Each client will invalidate their cache after 15 minutes or so, thus deletion of blob1,2,3 will wait around 1h to be safe and ensure all other clients will switch to blob4, blob5 as the authoritative source.

1 Like

These details are quite good. One question so when we even do --delete option, are we saying actual blobs are not deleted? Does this mean if my repository is s3, those files are still there (still consuming space), and only during maintenance, these are deleted. Am I wrong here?

Thats correct. It’s recommended to run maintenance frequently and it will keep repository nice and compact as it changes.

Another question, I assume that when maintenance is done, kopia has the intelligence to go and delete blobs from s3?

That’s correct. It will do it automatically as part of each maintenance.

Hi, Was thinking through this with my use case in mind where I am writing a wrapper over CLI for taking a snapshot, restore and delete and have few questions.

  1. When I take a backup of a multiple repos to s3 (each having their own credentials), how does kopia maintenance know the required creds for each repo?
    [As i know when we create a repo it creates config files under /root/.config/kopia but what i see is this config files are overwritten every time a new repo is created.]

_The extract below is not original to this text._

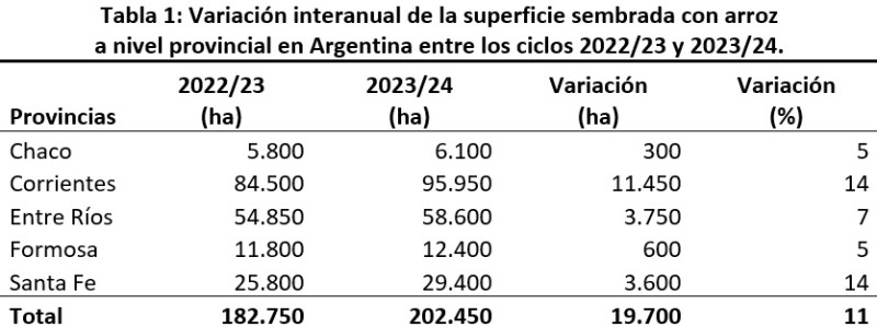 La superficie sembrada con Arroz en Argentina en el ciclo 2023/24 fue de 202.450 ha, por lo tanto, se registró un crecimiento interanual del 11 % (19.700 ha).
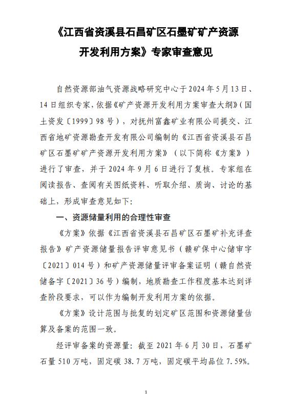 江西省資溪縣石昌礦區(qū)石墨礦礦產(chǎn)資源開(kāi)發(fā)利用方案審查結(jié)果的公示

  2. I take a backup of a repo, after sometime let’s says maintenance is triggered and at the same time user triggers another backup for the repo. So in this scenario, i assume kopia will skip deleting those blobs from the repo right as another backup is in progress?

Hi,
Can anyone throw some light on this?

There’s currently no way to get dynamic credentials to s3 provider or any other provider for that matter. You can probably extend s3 provider for your use case but it i think you’re dangerously close to a solution that will be diverging from where Kopia is heading and thus difficult to maintain.

Regarding your other question - yes it is safe to do snapshots while maintenance is running.

When I am running such things, I always create several Kopia server instances, which are running simultaneously, such that there is one Kopia process per S3 bucket - each run either from a script which either contains the credentials or a config which points to a specific password file for the resp. S3 bucket.